_EXERCISE DESCRIPTION_: The line with "#EmunaYomi 233: Prisoner’s daily" marks the start; please set it down along with all later lines through the end of the material, exactly, leaving out pictures.
DATASET RECORDS Start Marker
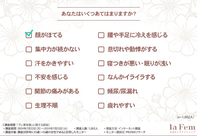そこで今回、ジャパンローヤルゼリー株式会社(https://www.jrj.co.jp/)は、35歳~45歳の女性を対象に、「プレ更年期」に関する調査を実施しました。
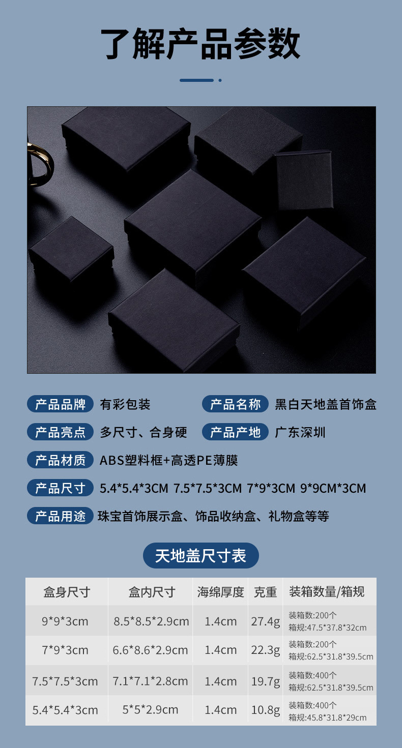 Specifications and models: Black; 7*9*3 (with sponge) jewelry box
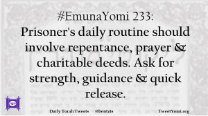 #EmunaYomi 233: Prisoner’s daily routine should involve repentance, prayer & charitable deeds. Ask for strength, guidance & quick release.
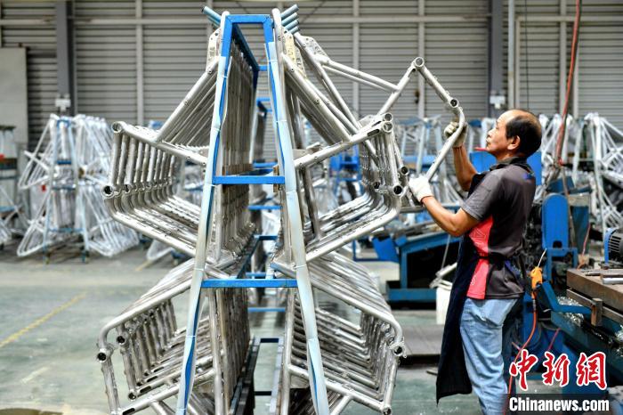 舊鎮(zhèn)工業(yè)園聚集著不少從深圳搬遷而來的臺企,主要生產(chǎn)自行車車架、腳踏板、車鎖、鈴鐺,鋁管等,形成較為完整的自行車產(chǎn)業(yè)鏈。中新網(wǎng)記者呂明 攝
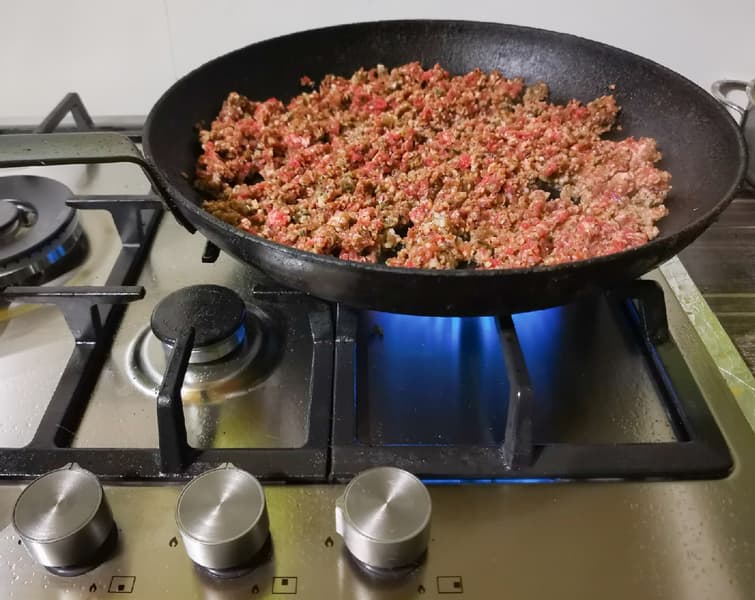 Фарш обжаривали на сковороде диаметром 36 см, но даже с такой большой посудой проблем не возникло.
DATASET RECORDS End Marker
_OUTPUT OF THE EXERCISE_:
 #EmunaYomi 233: Prisoner’s daily routine should involve repentance, prayer & charitable deeds. Ask for strength, guidance & quick release.
 舊鎮(zhèn)工業(yè)園聚集著不少從深圳搬遷而來的臺企,主要生產(chǎn)自行車車架、腳踏板、車鎖、鈴鐺,鋁管等,形成較為完整的自行車產(chǎn)業(yè)鏈。中新網(wǎng)記者呂明 攝
 Фарш обжаривали на сковороде диаметром 36 см, но даже с такой большой посудой проблем не возникло.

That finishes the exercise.